Description of the task:
Please repeat the data below exactly, with the pictures removed.

Data extract:
********

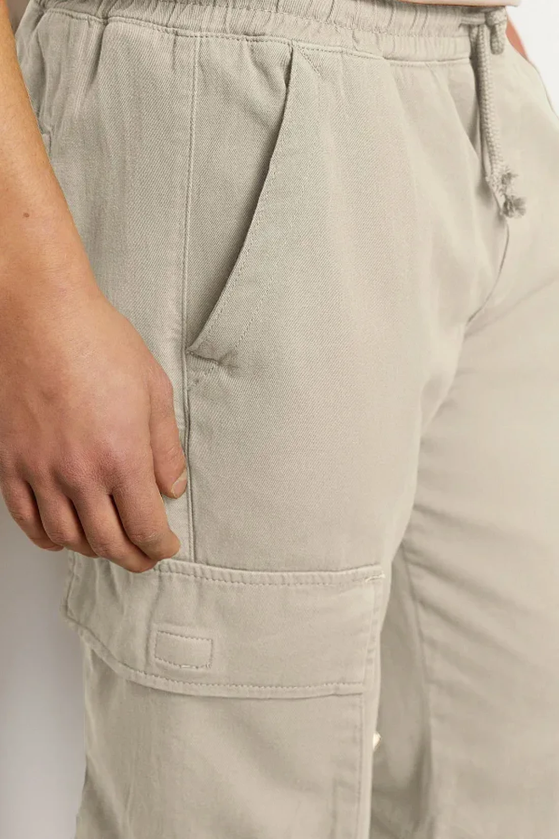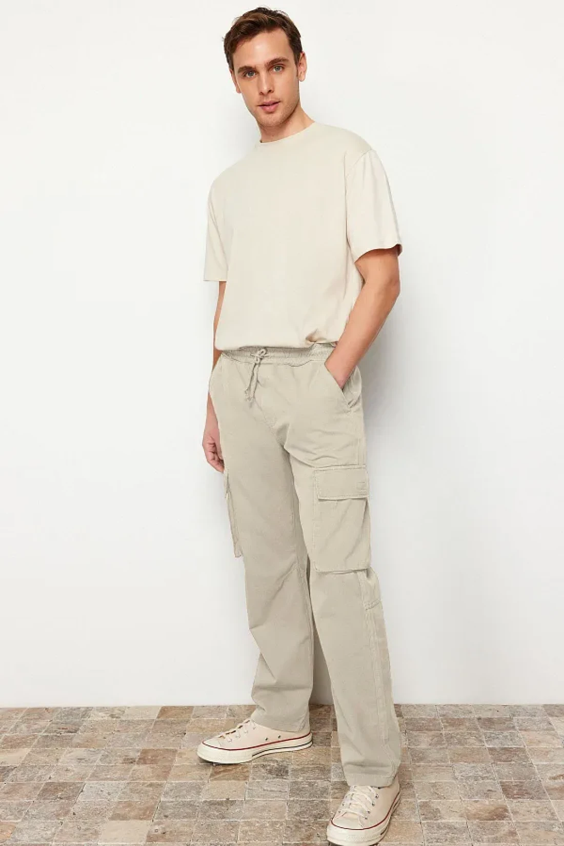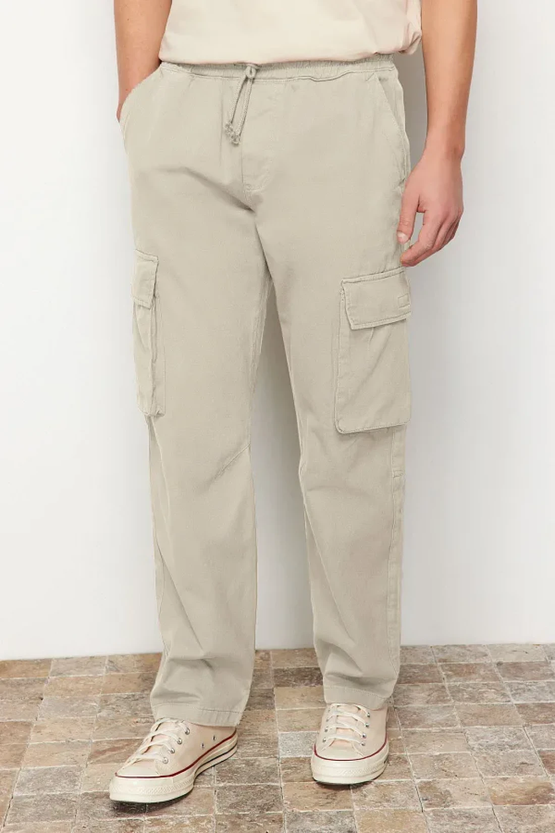 Collection بنطال كارجو بقصة عادية بلون حجري للجنسين - خصر مطاطي، قصة مربوطة TMNSS24PL00003
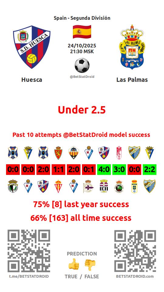 ✔ Уэска забивает меньше 2,5 голов в 9 матчах
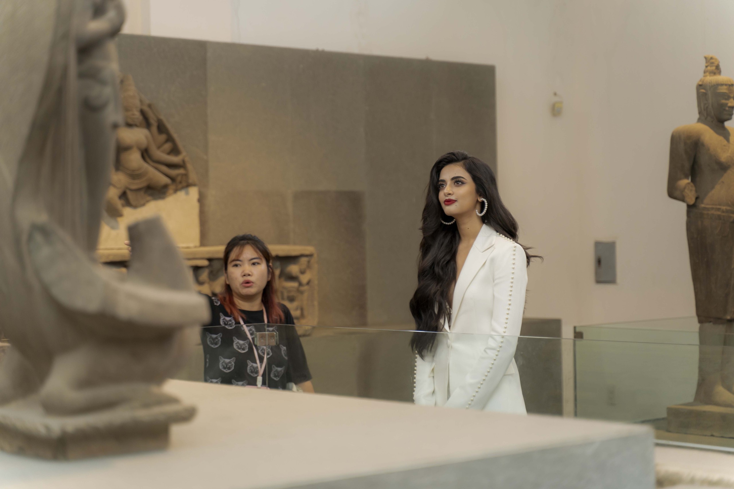 Hoa hậu Rhea Singha tham quan bảo tàng điêu khắc Chăm.
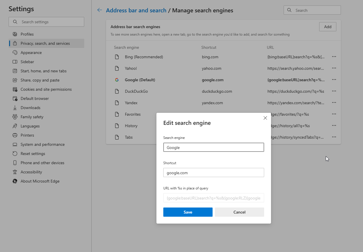 - Microsoft Edge: Settings > Privacy, search, and services > Address bar and search > Manage search engines. Press the edit (three dots) button on Google Search. From there, a new menu will pop up and you can input “{google:baseURL}search?q=%s&udm=14” into the URL field.
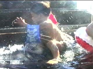 ボクは階段のところで水でピチャピチャするのが精一杯。
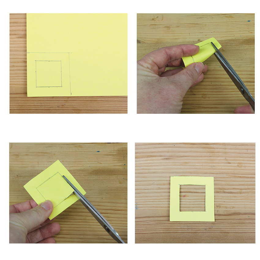 • Step 6Measure a 5 x 5cm square on yellow cover paper. Inside the square, measure a small 3 x 3cm square 1cm in from the outside square. Cut out the large square, then cut the middle square out to create a square frame that will be your buckle.
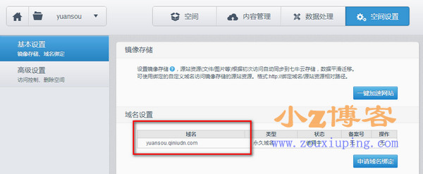 4、创建好之后配置空间,接下来我们就需要用到七牛的上传工具qrsbox

********

Solution for this task:
 Collection بنطال كارجو بقصة عادية بلون حجري للجنسين - خصر مطاطي، قصة مربوطة TMNSS24PL00003
 ✔ Уэска забивает меньше 2,5 голов в 9 матчах
 Hoa hậu Rhea Singha tham quan bảo tàng điêu khắc Chăm.
 - Microsoft Edge: Settings > Privacy, search, and services > Address bar and search > Manage search engines. Press the edit (three dots) button on Google Search. From there, a new menu will pop up and you can input “{google:baseURL}search?q=%s&udm=14” into the URL field.
 ボクは階段のところで水でピチャピチャするのが精一杯。
 • Step 6Measure a 5 x 5cm square on yellow cover paper. Inside the square, measure a small 3 x 3cm square 1cm in from the outside square. Cut out the large square, then cut the middle square out to create a square frame that will be your buckle.
 4、创建好之后配置空间,接下来我们就需要用到七牛的上传工具qrsbox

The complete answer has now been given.